Um pesquisador me sugeriu ir pro Stata, mas nunca encontrei muito sentido em softwares proprietários.

Nos cinco anos seguintes, continuei interessada nos dados educacionais, mas só conseguia fazer reportanges com base em análises feitas por outras pessoas. Algumas delas por sugestão minha, como essa comparando o perfil de quem estuda pedagogia com as demais carreiras de graduação.

Capítulo 2 - Carol Query

Em 2017, o incrível Leandro Bispo Oliveira apareceu na redação do g1 com uma apostilinha de SQL básico encadernada, e me ensinou em duas horas a acessar o datalake e fazer queries com a base do Bolsa Família. Graças a ele consegui fazer uma análise que ninguém tinha feito até então no jornalismo: “testar” as notas de cortes do Sisu (a USP, por exemplo, tinha umas notas altíssimas) para saber se elas eram compatíveis com a realidade do desempenho dos candidatos no Enem.

Não tem nada como atrelar um conhecimento à aplicação prática na nossa realidade.
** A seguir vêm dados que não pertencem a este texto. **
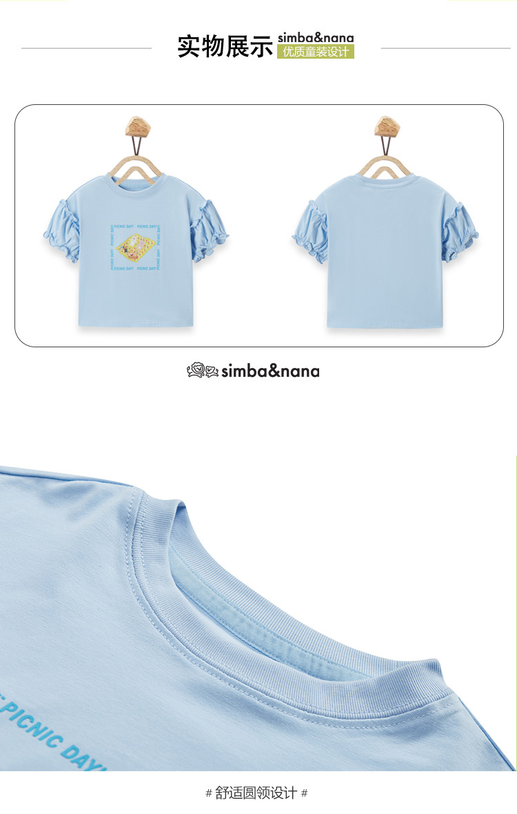 【辛巴娜娜】simbanana女童短袖t恤夏装新款洋气女宝宝纯棉上衣可爱印花体恤

E a minha realidade era: trabalho cobrindo educação, os dados abertos educacionais são muitos, ótimos, mas não tenho as técnicas pra fazer todas as reportagens que quero. E não quero depender de pesquisadores fazerem essa parte da produção de notícias.

Foi por isso que decidi continuar aprendendo. Entrei num curso online de python para jornalistas. Fracassei, larguei pela metade.

Daí entrei em outro curso online, de R para jornalistas. Tive problemas até pra instalar os programas. Larguei no comecinho.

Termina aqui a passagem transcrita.